There was still an unnecessary loss of life in the community. The gunman killed five people, including a parent taking her child to school, before sheriff’s deputies shot him to death. A 6-year-old student inside the school was injured by a bullet that penetrated a classroom wall. As for the children and staff trapped in the school, many will be traumatized, casting a shadow over their sense of safety and security for years to come.

Each time these massacres have occurred we have weighed in on the need for our political leaders to do more. While EdSource typically does not take positions on issues, we have also noted the daily incidents of deaths of young people in our cities due to gun violence that are barely noticed, but inflict permanent damage on survivors and friends, in addition to the incalculable loss of another young person before they have even reached adulthood. Some have occurred directly outside our offices in downtown Oakland.

How many people outside of Stockton recall the 1989 massacre at Cleveland Elementary School there when five children were killed in the school’s playground?  How many even remember the shooting in a San Bernardino school just six months ago when a teacher and an 8-year- old student in her classroom were killed?

The shrine in downtown Oakland at the spot where 17-year-old Regina Jefferies was caught in a crossfire of bullets in June last year have long disappeared. But her killers have never been caught. The pain for her family and friends endures.

An EdSource survey this fall showed that the number one priority for parents — and Californians in general — when it comes to schools is providing a “safe and positive” school environment, far outranking getting high scores on standardized tests.

Any sense of safety that children and their parents in Rancho Tehama might have felt before yesterday has been shattered. What will it take to restore it?

California has thankfully done more than any other state. In fact, it leads the nation in this regard. Among numerous actions, it has banned most assault rifles, limits the number of handguns a person can purchase to one per month, imposes a 10-day waiting period before the sale or transfer of a firearm, and requires all sales to be processed through a licensed gun dealer, which requires a background check. Just last year, voters approved Prop. 63, the “Safety for All Initiative” prohibiting the sale of large-capacity ammunition magazines, among other measures. 

As a result, California is the only state to get an A rating from the Giffords Law Center to Prevent Gun Violence. It also gets the the highest rating of any state from the Brady Center to Prevent Gun Violence.

But state lawmakers must continue to explore other ways protect children and schools. Lethal weapons are still too readily available to people who should not have them in the first place.

What is also clear is that a national response is needed, in addition to whatever California does.

“No single law, no set of laws can eliminate evil from the world or prevent every senseless act of violence in our society, but that can’t be an excuse for inaction,” then-President Barack Obama said after the Sandy Hook killings in Newtown, Conn., in 2012. “Surely we can do better than this.”

If anything, as a nation we have since then drifted even further away from taking on gun violence as a national emergency.
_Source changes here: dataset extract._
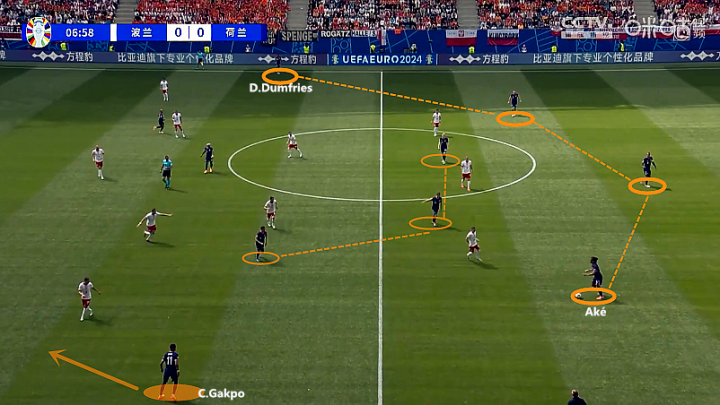 (图)右路带动左路,加克波如果不能进入射程,就会果断选择传中,为远点的邓弗里斯创造机会。反复进行横向拉扯,制造错位进攻机会,荷兰的进攻设计很有针对性。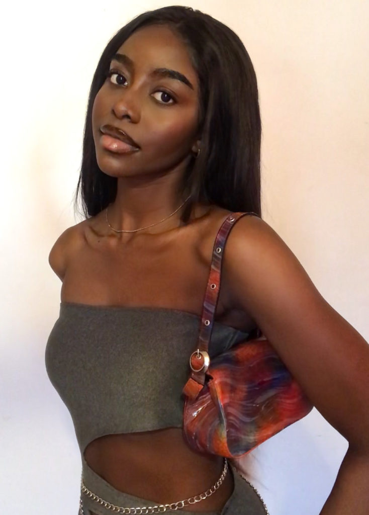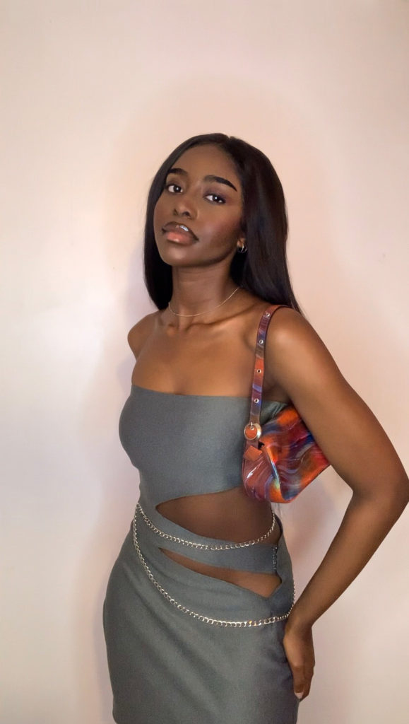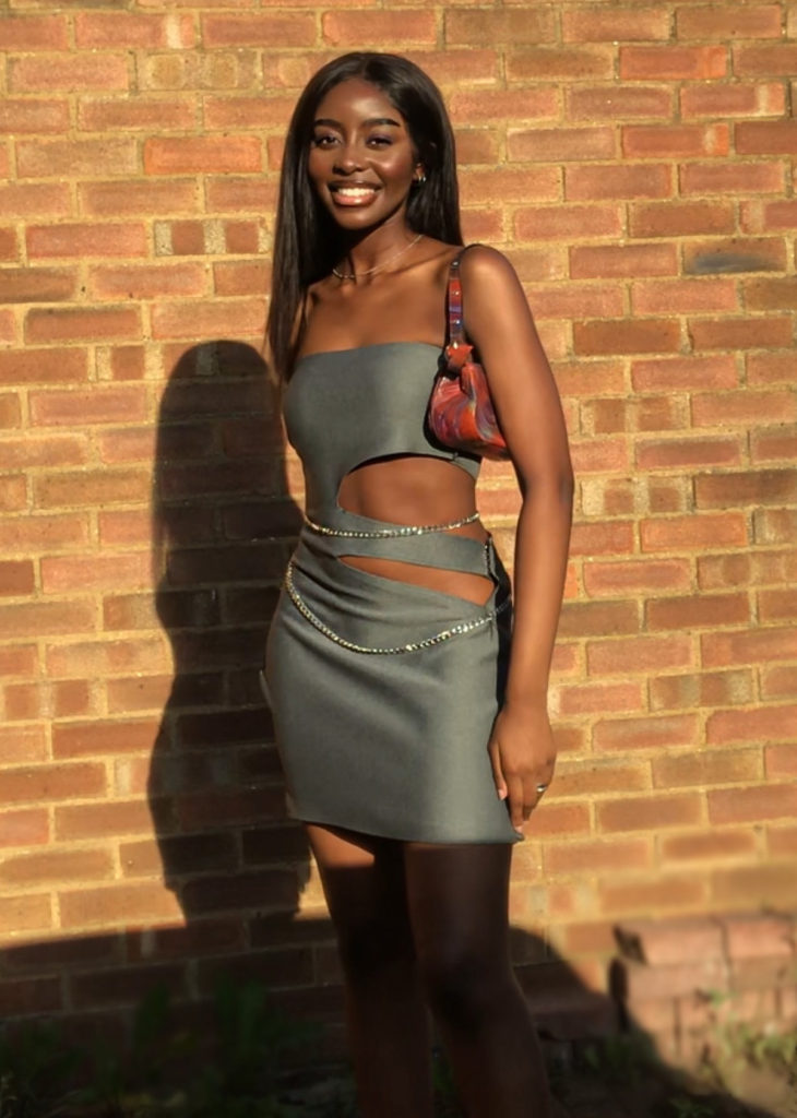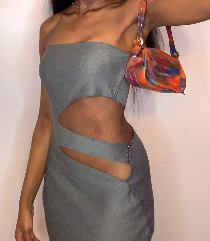 With this creation, I started off by sketching a basic mini dress and instantly felt underwhelmed and bored by the visual presented infront of me. It was giving me nothing. So, I picked up the pencil again and I started to really think about my own personal style. I then began to add in a bold cut out feature, and a double chained waist belt; two features that immediately bought the look to life, and added a little XDF flair to it.

Clearly more must be done to tackle mental illness and domestic violence, which are common threads in many of these killings. But that cannot be used as an excuse to do nothing to regulate assault-style weapons. The arsenal of weapons in the possession of the shooter who killed 58 people at a music festival in Las Vegas a month ago proved that point.

School shootings are thankfully rare. But we must not forget Rancho Tehama, a community that few Californians have heard of, let alone visited. It reminds us that as a state and nation we must do much more to protect our children.